HOW TO COMPLETE THIS TASK »
Begin at the line below that holds "뒤로 마음이 힘들어서" and end at the line that holds "3月26日下午,MK(中国)", transcribing each line exactly and skipping any picture.

Items from a dataset:
= Beginning of Section =

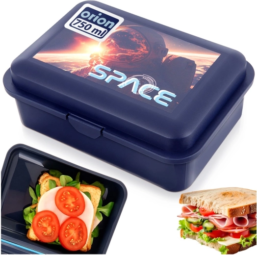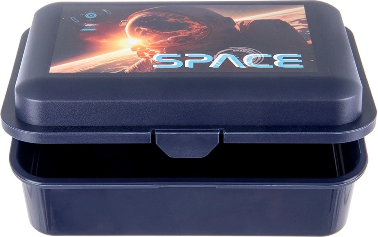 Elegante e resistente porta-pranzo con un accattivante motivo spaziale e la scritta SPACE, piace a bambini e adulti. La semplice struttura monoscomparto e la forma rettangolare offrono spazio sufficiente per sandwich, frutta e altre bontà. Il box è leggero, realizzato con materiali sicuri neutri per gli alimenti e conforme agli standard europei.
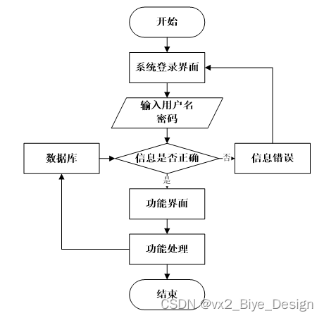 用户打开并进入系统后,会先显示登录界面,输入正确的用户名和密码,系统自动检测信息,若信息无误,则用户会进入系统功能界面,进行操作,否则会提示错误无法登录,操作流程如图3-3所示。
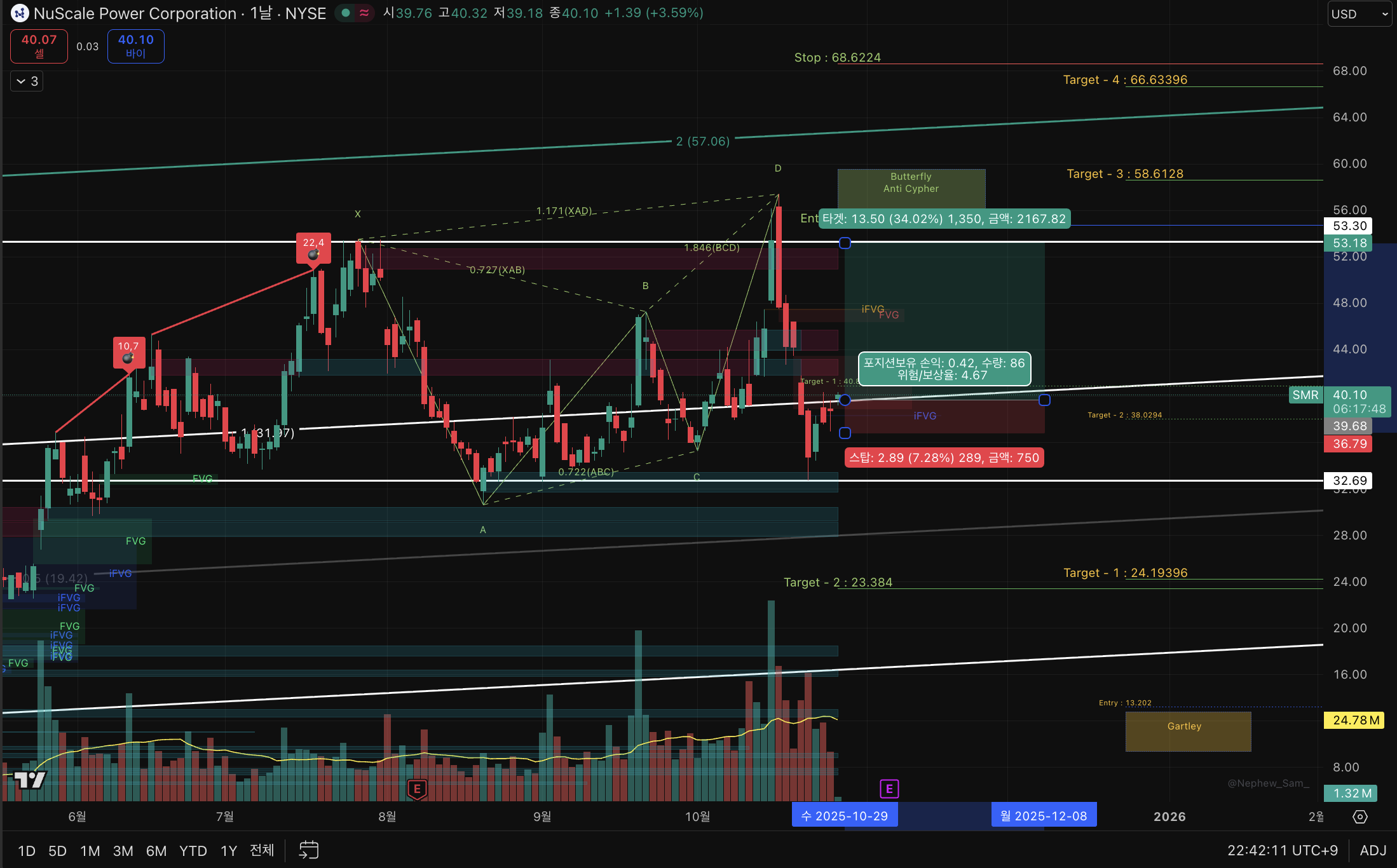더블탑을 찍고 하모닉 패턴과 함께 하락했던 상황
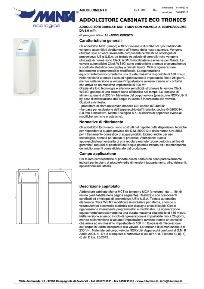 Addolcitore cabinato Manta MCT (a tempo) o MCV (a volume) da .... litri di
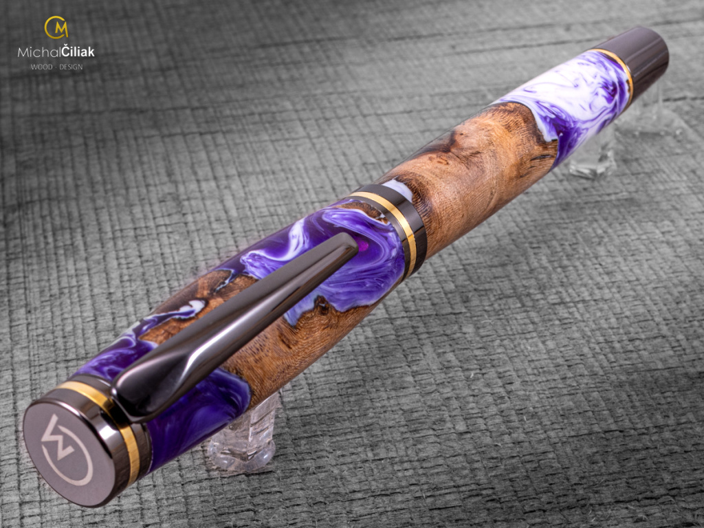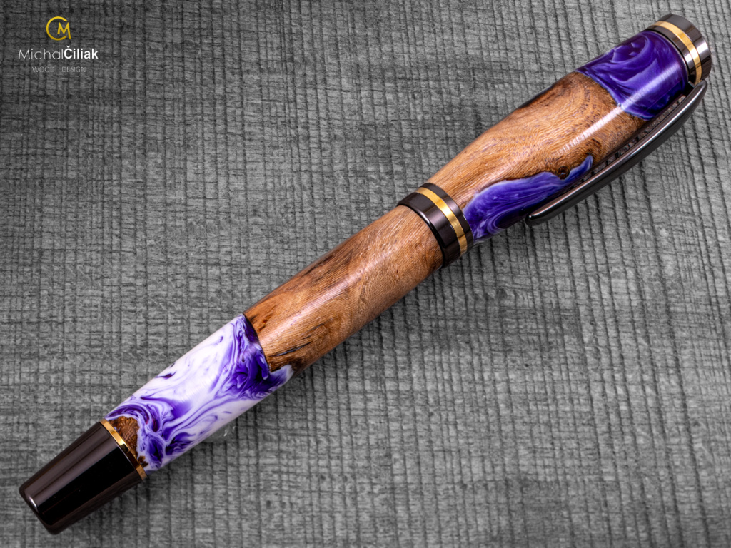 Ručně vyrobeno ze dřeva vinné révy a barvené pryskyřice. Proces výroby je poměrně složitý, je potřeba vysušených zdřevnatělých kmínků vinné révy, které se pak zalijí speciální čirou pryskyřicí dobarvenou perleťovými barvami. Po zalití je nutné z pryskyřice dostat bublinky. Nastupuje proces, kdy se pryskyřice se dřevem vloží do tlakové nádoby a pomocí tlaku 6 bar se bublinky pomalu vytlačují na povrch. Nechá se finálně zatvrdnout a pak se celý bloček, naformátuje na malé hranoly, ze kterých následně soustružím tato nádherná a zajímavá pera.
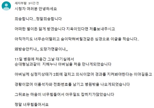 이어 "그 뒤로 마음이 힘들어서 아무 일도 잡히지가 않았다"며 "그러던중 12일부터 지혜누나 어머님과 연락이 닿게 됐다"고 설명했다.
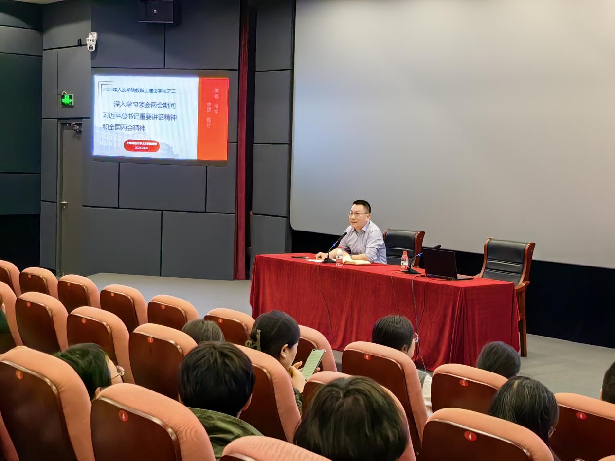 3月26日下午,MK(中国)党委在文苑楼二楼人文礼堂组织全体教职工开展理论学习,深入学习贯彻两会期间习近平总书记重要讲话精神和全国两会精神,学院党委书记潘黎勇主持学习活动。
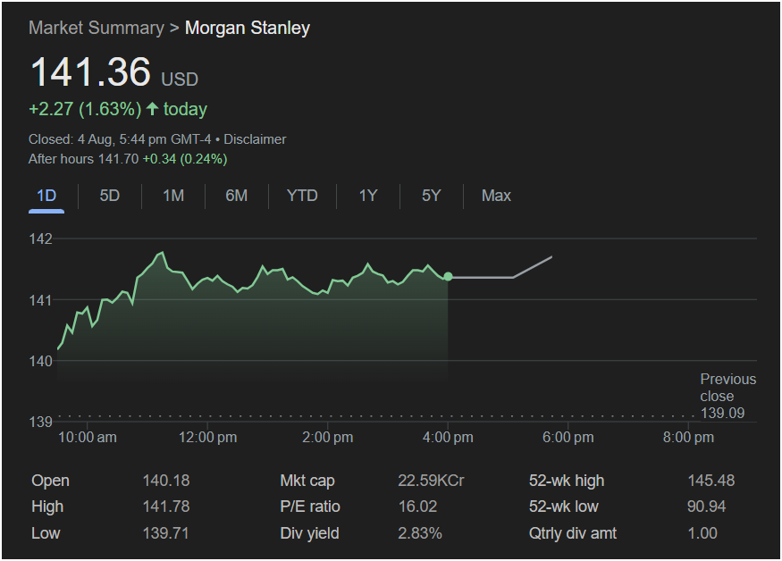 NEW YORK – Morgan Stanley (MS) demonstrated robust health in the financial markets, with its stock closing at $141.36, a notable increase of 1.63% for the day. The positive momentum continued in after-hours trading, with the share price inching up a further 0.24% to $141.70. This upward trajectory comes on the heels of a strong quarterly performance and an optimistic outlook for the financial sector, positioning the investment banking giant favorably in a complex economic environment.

= End of Section =

EXPECTED ANSWER »
 이어 "그 뒤로 마음이 힘들어서 아무 일도 잡히지가 않았다"며 "그러던중 12일부터 지혜누나 어머님과 연락이 닿게 됐다"고 설명했다.
 3月26日下午,MK(中国)党委在文苑楼二楼人文礼堂组织全体教职工开展理论学习,深入学习贯彻两会期间习近平总书记重要讲话精神和全国两会精神,学院党委书记潘黎勇主持学习活动。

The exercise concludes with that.